- [Try it]
Retype the listing exactly, so that the copy matches it line for line.

- [Data for analysis]
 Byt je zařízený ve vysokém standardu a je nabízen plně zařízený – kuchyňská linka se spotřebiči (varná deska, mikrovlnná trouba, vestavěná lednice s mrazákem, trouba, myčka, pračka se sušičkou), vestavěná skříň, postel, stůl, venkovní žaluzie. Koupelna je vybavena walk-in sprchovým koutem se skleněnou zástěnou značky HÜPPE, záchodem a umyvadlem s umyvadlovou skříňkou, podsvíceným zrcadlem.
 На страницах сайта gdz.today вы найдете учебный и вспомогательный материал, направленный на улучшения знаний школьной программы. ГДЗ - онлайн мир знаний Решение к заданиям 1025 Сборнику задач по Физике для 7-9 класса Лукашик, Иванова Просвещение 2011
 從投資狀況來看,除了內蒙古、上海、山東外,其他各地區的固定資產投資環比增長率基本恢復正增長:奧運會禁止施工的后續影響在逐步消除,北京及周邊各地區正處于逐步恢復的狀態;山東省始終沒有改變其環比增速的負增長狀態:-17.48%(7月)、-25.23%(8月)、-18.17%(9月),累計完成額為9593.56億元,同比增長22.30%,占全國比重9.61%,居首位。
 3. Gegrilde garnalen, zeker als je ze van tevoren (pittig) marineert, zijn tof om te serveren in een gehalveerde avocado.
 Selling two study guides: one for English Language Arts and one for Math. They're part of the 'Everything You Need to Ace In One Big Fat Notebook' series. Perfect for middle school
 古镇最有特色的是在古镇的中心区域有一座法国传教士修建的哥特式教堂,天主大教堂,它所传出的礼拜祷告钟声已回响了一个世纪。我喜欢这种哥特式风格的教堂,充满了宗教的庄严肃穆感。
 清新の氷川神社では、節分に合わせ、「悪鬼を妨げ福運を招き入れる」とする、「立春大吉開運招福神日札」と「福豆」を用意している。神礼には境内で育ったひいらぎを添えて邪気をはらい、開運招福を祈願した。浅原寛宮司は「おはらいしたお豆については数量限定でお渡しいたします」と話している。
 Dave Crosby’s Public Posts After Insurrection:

- [Task response]
 Byt je zařízený ve vysokém standardu a je nabízen plně zařízený – kuchyňská linka se spotřebiči (varná deska, mikrovlnná trouba, vestavěná lednice s mrazákem, trouba, myčka, pračka se sušičkou), vestavěná skříň, postel, stůl, venkovní žaluzie. Koupelna je vybavena walk-in sprchovým koutem se skleněnou zástěnou značky HÜPPE, záchodem a umyvadlem s umyvadlovou skříňkou, podsvíceným zrcadlem.
 На страницах сайта gdz.today вы найдете учебный и вспомогательный материал, направленный на улучшения знаний школьной программы. ГДЗ - онлайн мир знаний Решение к заданиям 1025 Сборнику задач по Физике для 7-9 класса Лукашик, Иванова Просвещение 2011
 從投資狀況來看,除了內蒙古、上海、山東外,其他各地區的固定資產投資環比增長率基本恢復正增長:奧運會禁止施工的后續影響在逐步消除,北京及周邊各地區正處于逐步恢復的狀態;山東省始終沒有改變其環比增速的負增長狀態:-17.48%(7月)、-25.23%(8月)、-18.17%(9月),累計完成額為9593.56億元,同比增長22.30%,占全國比重9.61%,居首位。
 3. Gegrilde garnalen, zeker als je ze van tevoren (pittig) marineert, zijn tof om te serveren in een gehalveerde avocado.
 Selling two study guides: one for English Language Arts and one for Math. They're part of the 'Everything You Need to Ace In One Big Fat Notebook' series. Perfect for middle school
 古镇最有特色的是在古镇的中心区域有一座法国传教士修建的哥特式教堂,天主大教堂,它所传出的礼拜祷告钟声已回响了一个世纪。我喜欢这种哥特式风格的教堂,充满了宗教的庄严肃穆感。
 清新の氷川神社では、節分に合わせ、「悪鬼を妨げ福運を招き入れる」とする、「立春大吉開運招福神日札」と「福豆」を用意している。神礼には境内で育ったひいらぎを添えて邪気をはらい、開運招福を祈願した。浅原寛宮司は「おはらいしたお豆については数量限定でお渡しいたします」と話している。
 Dave Crosby’s Public Posts After Insurrection:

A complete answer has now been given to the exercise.